As if his identity wasn't painfully obvious as it is, now it's EXTRA OBVIOUS with that capslock of rage. ]
no subject
[...This isn't getting them anywhere, and it's bound to be obvious who they are in all this.]
The notes you gave me when I sick, I still have them. I could've burned them, but I haven't. I wanted to keep something of you that made me happy!
I've left you alone as you wanted!
What more do you want of me?
1/2
Brimming with acknowledgement, I see.
[ Like, that's his gripe here. That's why he chose to speak up at all. He wants her to stop telling a version of events to others that they already had it out over before, not retread the same argument. ]
2/2
Of course, since he's Kylo Ren, he has an immediate impulse to ruin it. To tell her that she should burn the damn things, and with it, her vision of a Ben Solo who no longer exists.
But he can't bring himself to send that message. ]
Nothing.
I hope my notes are of some practical use to you.
no subject
[When choices were made--when lives had to be saved. Is she going to apologize for it? No, because she did the right thing. She couldn't let Poe and Finn die on Crait.]
I don't read the notes for practicality. I look over them and think about when you visited me in the hospital, and how I thought were friends.
Go back to ignoring me. The door's locked now.
no subject
It's becoming easier and easier to harden his heart to her these days. ]
To you, I'll always be a monster, or a broken boy to fix.
I refuse to be either of those things for you. Goodbye.
[not here]
[not here]
[not here]
no subject
Sometimes you're just not meant to stay with some people. Cross paths, sure, but if staying together can be harmful for you both, then distance might be for the best.

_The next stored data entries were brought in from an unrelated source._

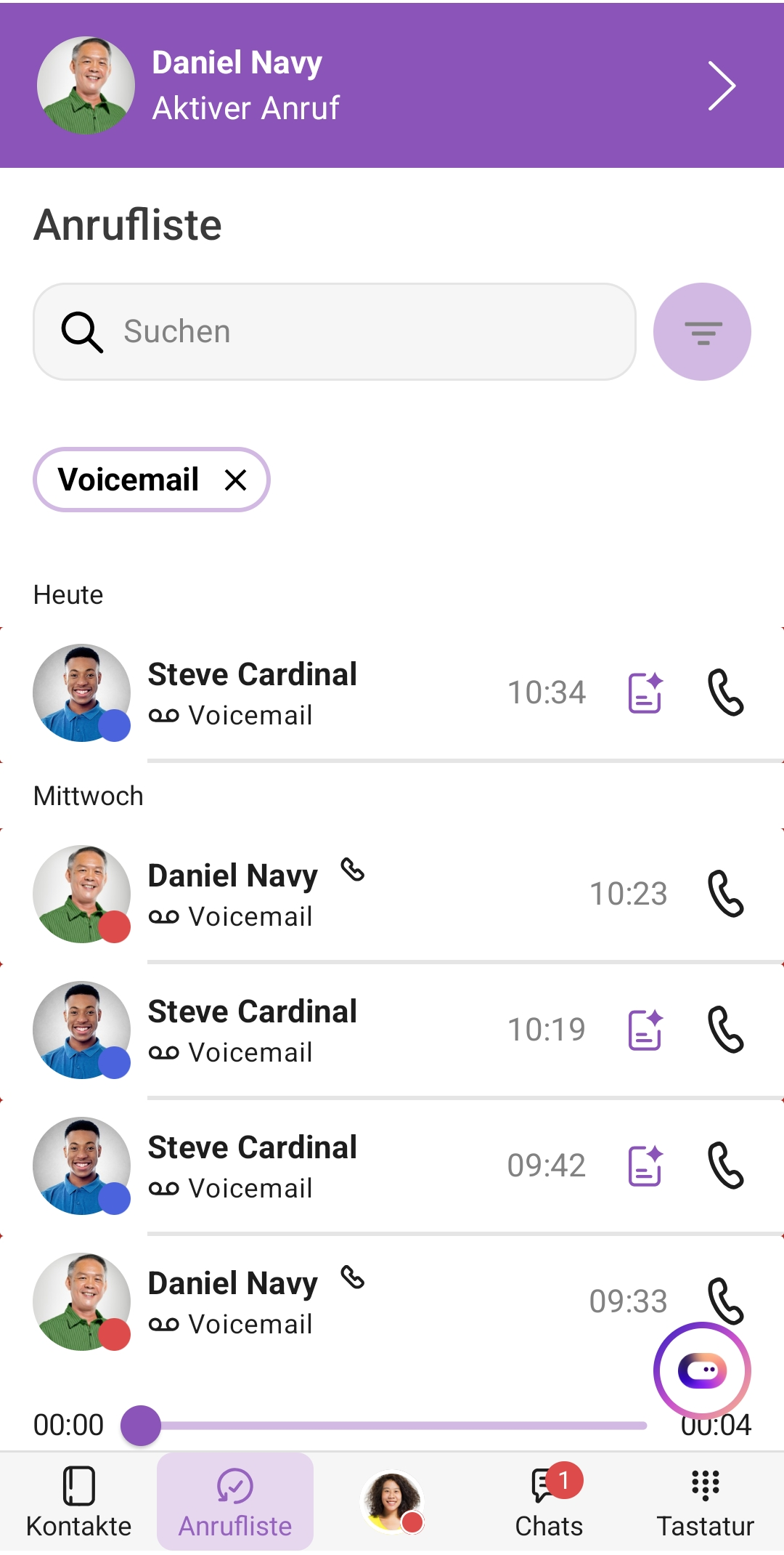 2 Tippen Sie auf die Kopfzeile Aktiver Anruf.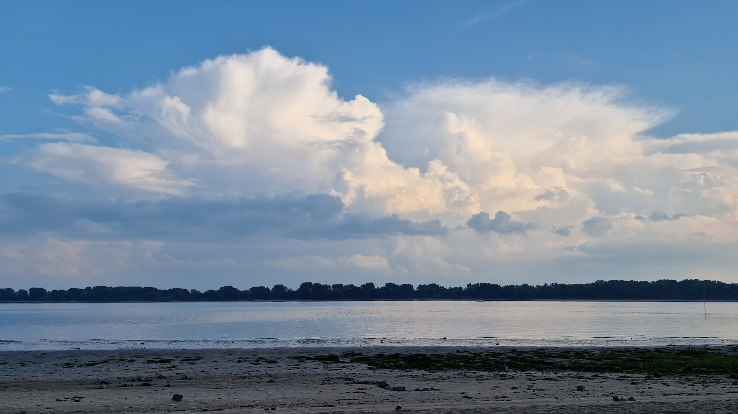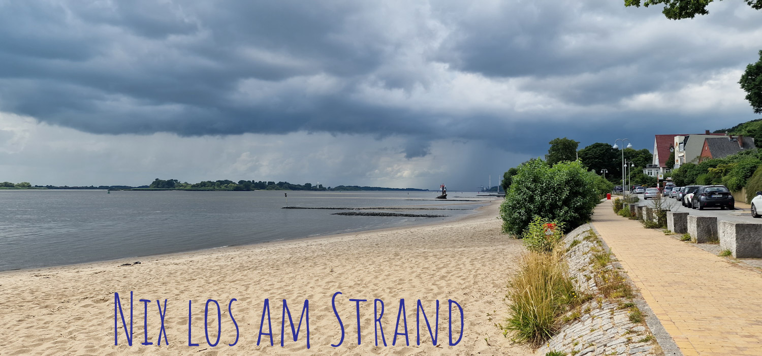 Eine kleine Pause in Övelgönne, wo wir u. a. die letzten Kirschen von zu Hause vernascht haben, vorbei am Alten Schweden, dem riesigen Findling, der beim Bau der vierten Elbtunnelröhre im Weg war. Hier fingen wir uns an zu fragen, wie wir am Besten mit dem bedrohlichen Wolkenverband von links vorne umgehen sollten.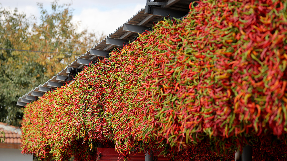 Dizilen biberler, yetiştiricilerin evlerinin bahçesinde hazırladıkları üstü kapalı alanlarda kurutuluyor.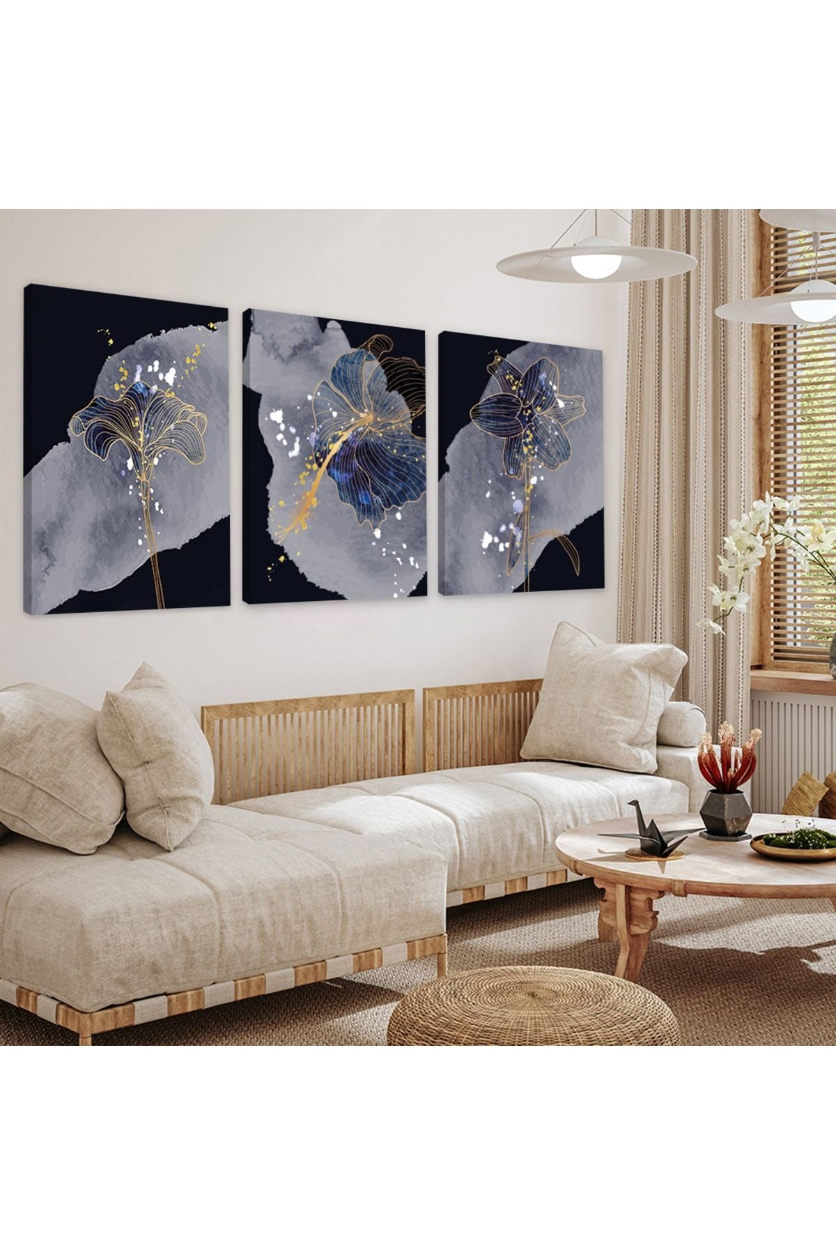 Mor Bitki Soyut Desen 3'Lü Kanvas Tablo

How long has it been since you and your other friend parted ways? Maybe it's been long enough. Maybe he's ready to move on and try to go back to being friends. There's no harm in asking him, at least.
no subject
...A few weeks, I don't know if he's ready to talk. I don't want to reach out and have him not say anything in return. I should wait for him to approach me....right?
no subject
But you should do what you think is right in your situation. Don't just take my advice blindly. You're the one who knows what happened between you two, so you should know best what to do.